- _Problem details_:
Without any of the pictures, transcribe all the lines below exactly.

------------------------------------------------------------

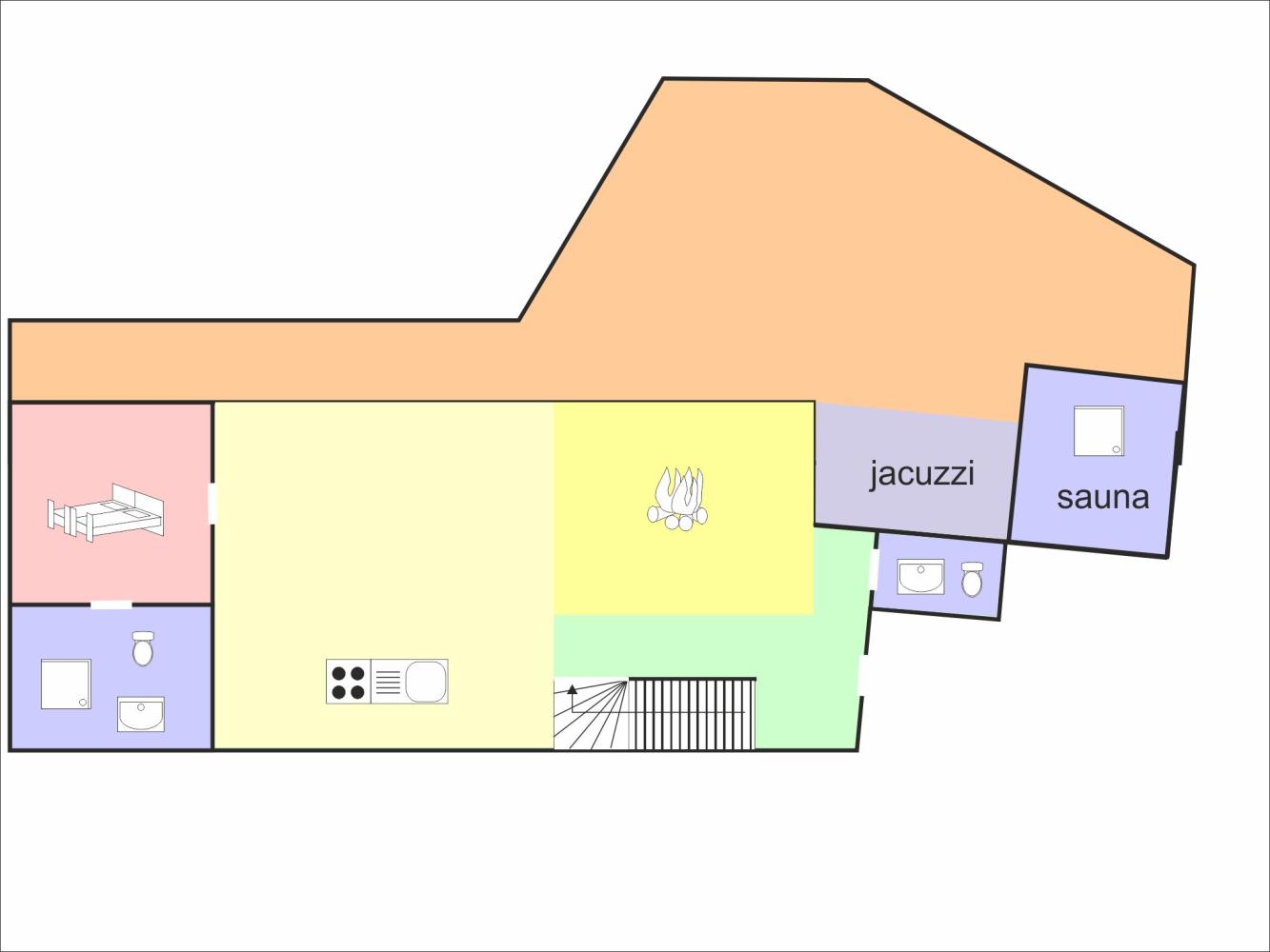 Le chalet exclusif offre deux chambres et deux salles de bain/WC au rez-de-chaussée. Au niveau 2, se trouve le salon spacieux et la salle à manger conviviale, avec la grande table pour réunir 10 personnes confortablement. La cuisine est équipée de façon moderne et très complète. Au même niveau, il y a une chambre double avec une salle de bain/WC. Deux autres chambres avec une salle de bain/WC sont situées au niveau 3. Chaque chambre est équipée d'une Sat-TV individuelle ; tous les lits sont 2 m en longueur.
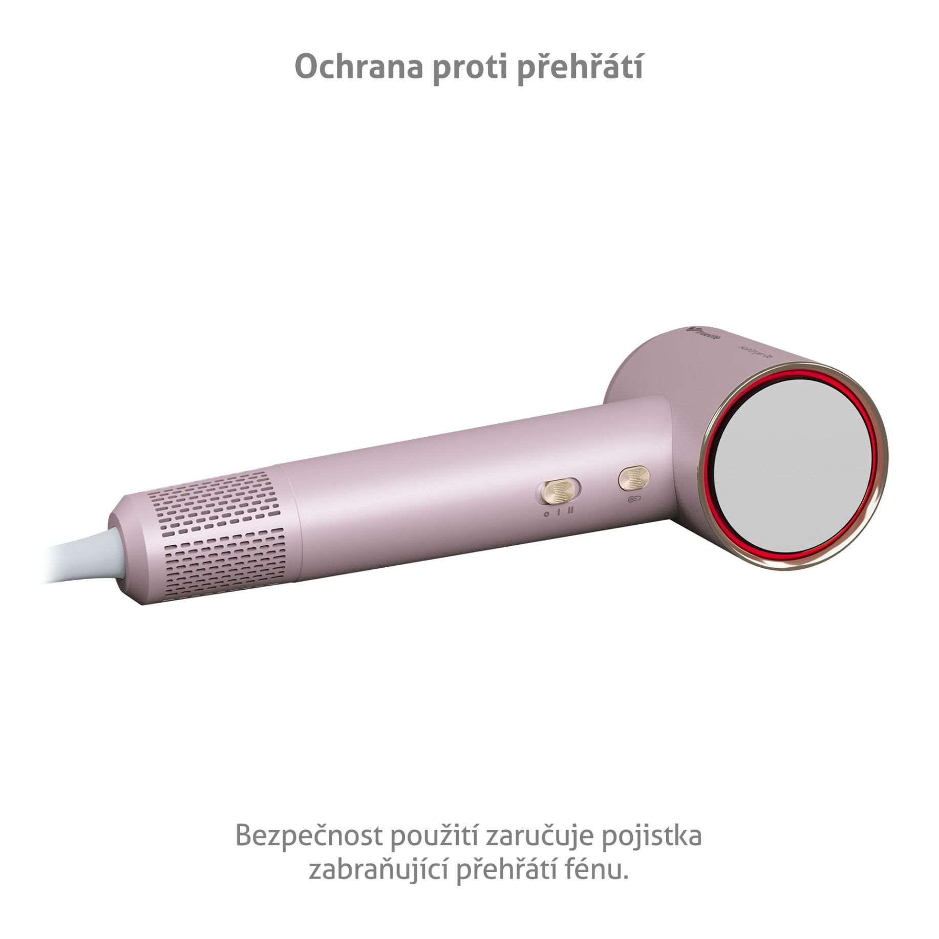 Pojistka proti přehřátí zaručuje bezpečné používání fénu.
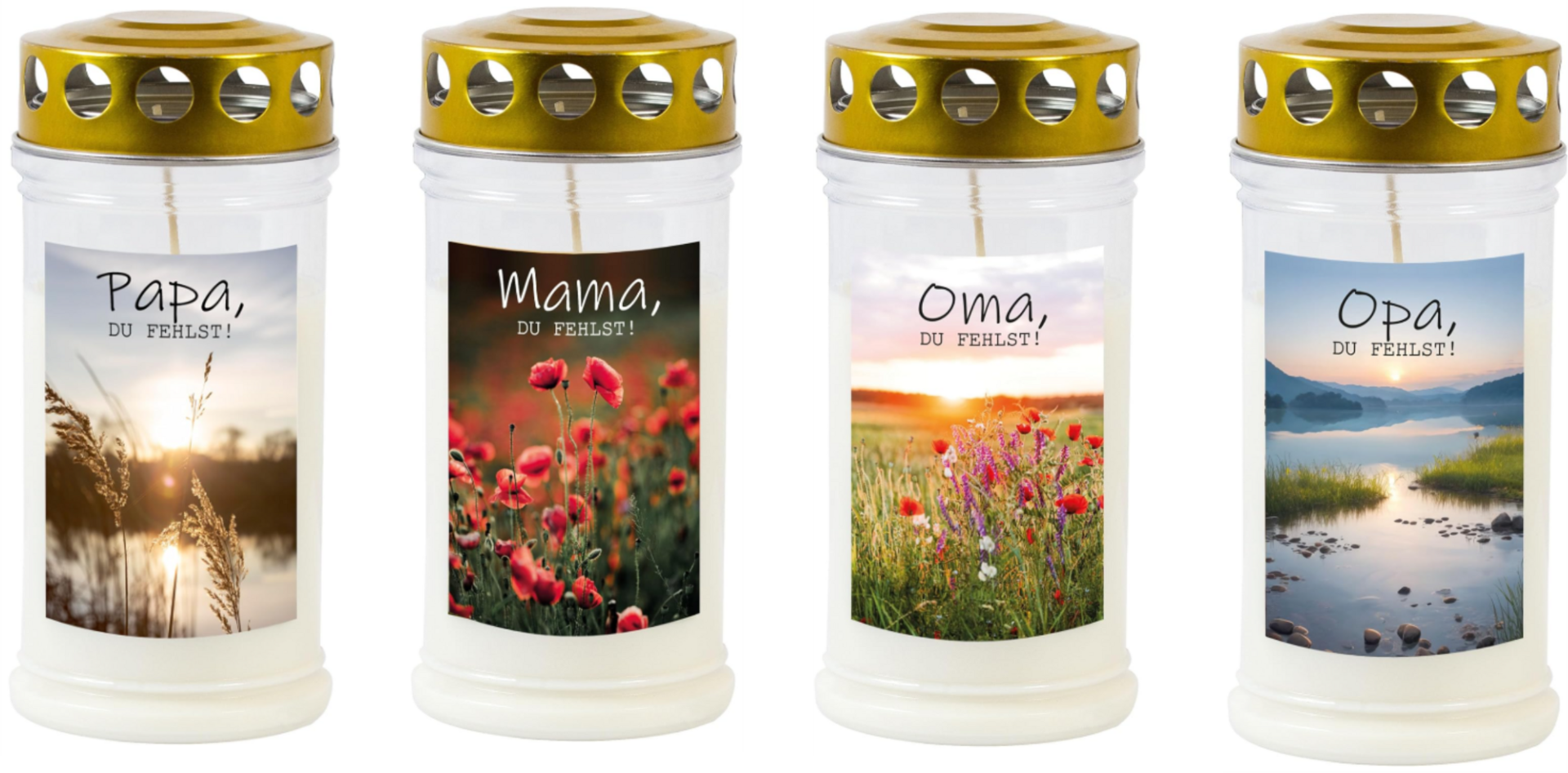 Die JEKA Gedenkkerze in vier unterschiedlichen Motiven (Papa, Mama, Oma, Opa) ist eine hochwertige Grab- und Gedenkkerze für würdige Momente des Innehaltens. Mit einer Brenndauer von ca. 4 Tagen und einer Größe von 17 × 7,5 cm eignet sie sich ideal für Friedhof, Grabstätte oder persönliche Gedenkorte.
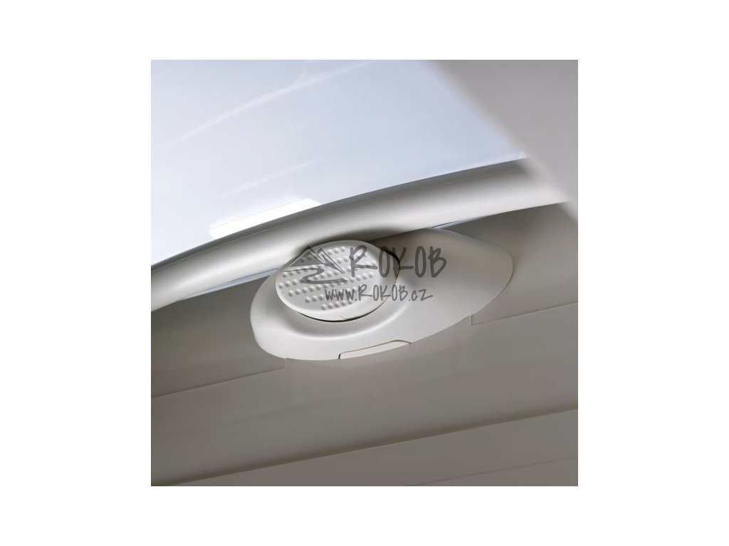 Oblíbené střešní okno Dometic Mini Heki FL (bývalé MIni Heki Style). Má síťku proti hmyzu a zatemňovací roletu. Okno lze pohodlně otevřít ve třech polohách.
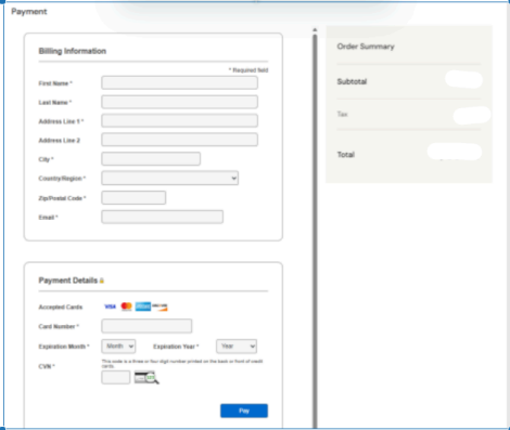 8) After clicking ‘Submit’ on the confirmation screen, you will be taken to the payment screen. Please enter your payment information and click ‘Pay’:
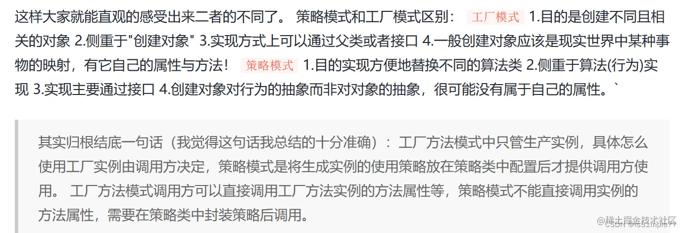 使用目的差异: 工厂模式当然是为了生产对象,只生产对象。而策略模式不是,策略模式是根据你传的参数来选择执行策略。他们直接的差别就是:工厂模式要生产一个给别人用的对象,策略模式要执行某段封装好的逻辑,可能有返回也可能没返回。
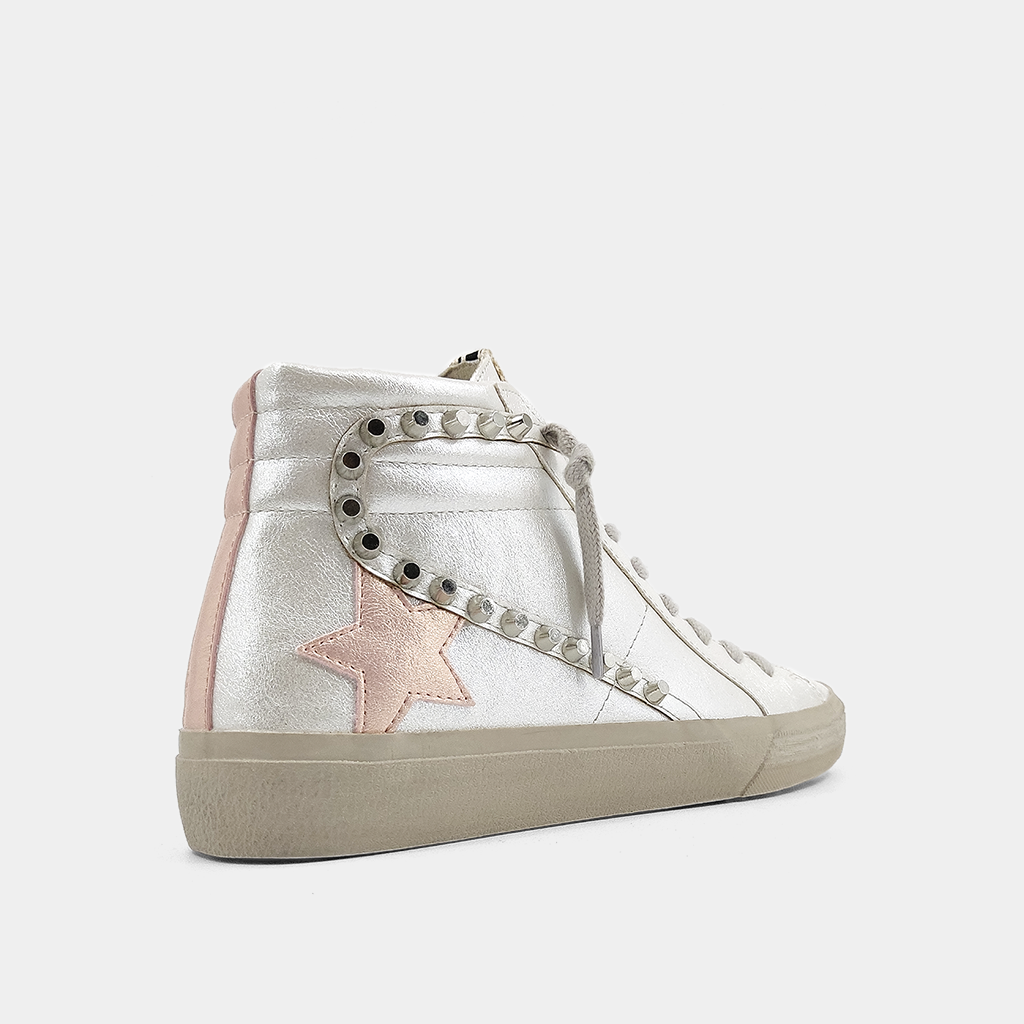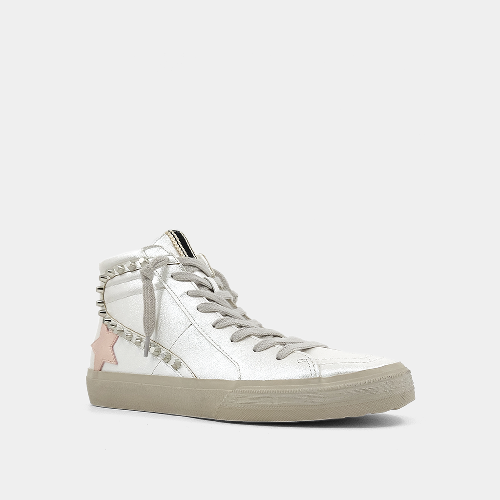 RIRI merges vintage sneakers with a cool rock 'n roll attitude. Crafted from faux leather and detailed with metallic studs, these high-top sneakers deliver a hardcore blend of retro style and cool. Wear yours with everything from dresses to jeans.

------------------------------------------------------------

- _Reply_:
 Le chalet exclusif offre deux chambres et deux salles de bain/WC au rez-de-chaussée. Au niveau 2, se trouve le salon spacieux et la salle à manger conviviale, avec la grande table pour réunir 10 personnes confortablement. La cuisine est équipée de façon moderne et très complète. Au même niveau, il y a une chambre double avec une salle de bain/WC. Deux autres chambres avec une salle de bain/WC sont situées au niveau 3. Chaque chambre est équipée d'une Sat-TV individuelle ; tous les lits sont 2 m en longueur.
 Pojistka proti přehřátí zaručuje bezpečné používání fénu.
 Die JEKA Gedenkkerze in vier unterschiedlichen Motiven (Papa, Mama, Oma, Opa) ist eine hochwertige Grab- und Gedenkkerze für würdige Momente des Innehaltens. Mit einer Brenndauer von ca. 4 Tagen und einer Größe von 17 × 7,5 cm eignet sie sich ideal für Friedhof, Grabstätte oder persönliche Gedenkorte.
 Oblíbené střešní okno Dometic Mini Heki FL (bývalé MIni Heki Style). Má síťku proti hmyzu a zatemňovací roletu. Okno lze pohodlně otevřít ve třech polohách.
 8) After clicking ‘Submit’ on the confirmation screen, you will be taken to the payment screen. Please enter your payment information and click ‘Pay’:
 使用目的差异: 工厂模式当然是为了生产对象,只生产对象。而策略模式不是,策略模式是根据你传的参数来选择执行策略。他们直接的差别就是:工厂模式要生产一个给别人用的对象,策略模式要执行某段封装好的逻辑,可能有返回也可能没返回。
 RIRI merges vintage sneakers with a cool rock 'n roll attitude. Crafted from faux leather and detailed with metallic studs, these high-top sneakers deliver a hardcore blend of retro style and cool. Wear yours with everything from dresses to jeans.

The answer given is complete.